Molecular electrostatic potential (MEP) surfaces for a) Se2P2N2 (top and bottom views) and DMU; b) Se2P2N2 (top and bottom views) and DBTFB. See Supporting Information for expanded version.

In line with previous reports,[33] this variation in the HB donor capacity of Se2P2N2 explains the observed Se2P2N2 exo,exo conformation in all cocrystals containing DMU (B2 ‐Form I, B2Form II and T1) since it enables the formation of bifurcated HB interactions with the oxygen acceptor of DMU. The calculated MEPs also support the observed orthogonality of hydrogen‐ and halogen‐bonding interactions in ternary cocrystal T1. This is evident from the MEPs as the NH donors on Se2P2N2 are more likely to be engaged in bifurcated HB interactions with the carbonyl acceptor of DMU (i.e. the strongest pairing according to the calculated potentials), allowing the Se atoms to freely engage in Se⋅⋅⋅Br interactions with DBTFB.

Direct Synthesis of Ternary cocrystal 2 (T2): (Se2P2N2)⋅(KBr)⋅(18‐crown‐6 ether)

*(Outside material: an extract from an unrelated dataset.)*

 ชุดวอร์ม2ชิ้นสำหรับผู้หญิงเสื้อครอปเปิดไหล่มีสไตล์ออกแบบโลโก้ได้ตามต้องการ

Given the proven ability of cyclodiphospha(V/V)zane species to coordinate metal cations (via the formation of Se‐M coordinative bonds)[58] as well as to bind to halides (via bifurcated HB N−H⋅⋅⋅X interactions),[54] we envisaged the formation of ternary ICCs[14, 15] by combining Se2P2N2 with simple atomic salts (such as KBr)—see Figure 4.

Figure 4.

Figure 4

Portion of the experimentally determined packing in the crystal structure of the ternary ICC, (Se2P2N2 )⋅(crown)⋅(KBr) T2, forming one‐dimensional chains linked by Se⋅⋅⋅K+ and Br⋅⋅⋅H−N interactions. The crown and K+ are positionally disordered over two sites. Some C−H hydrogens are omitted for clarity. For expanded version see Supporting Information.

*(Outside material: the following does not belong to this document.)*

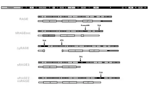 The primary transcript of the human RAGE gene (pre-mRNA) is thought to be alternatively spliced. So far about 6 isoforms including the full length transmembrane receptor have been found in different tissues such as lung, kidney, brain etc. Five of these 6 isoforms lack the transmembrane domain and are thus believed to be secreted from cells. Generally these isoforms are referred to as sRAGE (soluble RAGE) or esRAGE (endogenous secretory RAGE). One of the isoforms lacks the V-domain and is thus believed not to be able to bind RAGE ligands.

Initial screening experiments by grinding Se2P2N2 with KBr, however, did not result in any changes of the powder pattern, suggesting the formation of a physical mixture (Figure S3). Hence, 18‐crown‐6 ether (crown) was added, a commonly used strategy in organic chemistry for trapping K+ (and other alkali) metal cations.[18, 59] Under optimized conditions, milling Se2P2N2 , crown and KBr, in a 2:1:1 molar ratio for three hours—direct one‐pot Route T2 in Scheme 2—successfully led to the desired ICC, (Se2P2N2 )(crown)(KBr) (T2). Diffraction quality crystals of T2 were subsequently obtained by slow evaporation from solution using either CHCl3 or isopropanol as the solvent.

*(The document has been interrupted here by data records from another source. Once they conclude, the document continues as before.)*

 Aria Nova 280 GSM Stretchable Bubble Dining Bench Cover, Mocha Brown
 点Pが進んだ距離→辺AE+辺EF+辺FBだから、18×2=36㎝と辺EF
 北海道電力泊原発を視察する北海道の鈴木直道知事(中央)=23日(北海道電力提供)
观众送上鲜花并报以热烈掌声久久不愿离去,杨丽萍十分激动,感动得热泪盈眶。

Cocrystal T2 comprises a one‐dimensional catemer where the K+ cation is coordinated to a crown ether moiety and a Se2P2N2 unit acting as a chelating ligand through the P=Se bonds (Se⋅⋅⋅K+ 3.75 Å).[58, 60] The complexed K+ crown portion is disordered over two sites along the chains. On the other hand, the Br counter anion is stabilized by two sets of bifurcated charge‐assisted hydrogen‐bonds (CAHyB) via four N‐H moieties from two Se2P2N2 molecules (N−H⋅⋅⋅Br 3.40 Å)[61] within this chain.

One‐pot and sequential Mechanosynthesis of Quaternary cocrystal (Q)

The formation of quaternary and other HOCs can be very challenging especially in systems involving a large variety of functionalities that can form different combinations of intermolecular interactions, rendering the prediction of any supramolecular synthon hierarchy taxing.[62, 63] Therefore, we set off to explore the synthesis of higher‐order quaternary cocrystals using our mechanochemical approach, supported by computational modelling (vide infra).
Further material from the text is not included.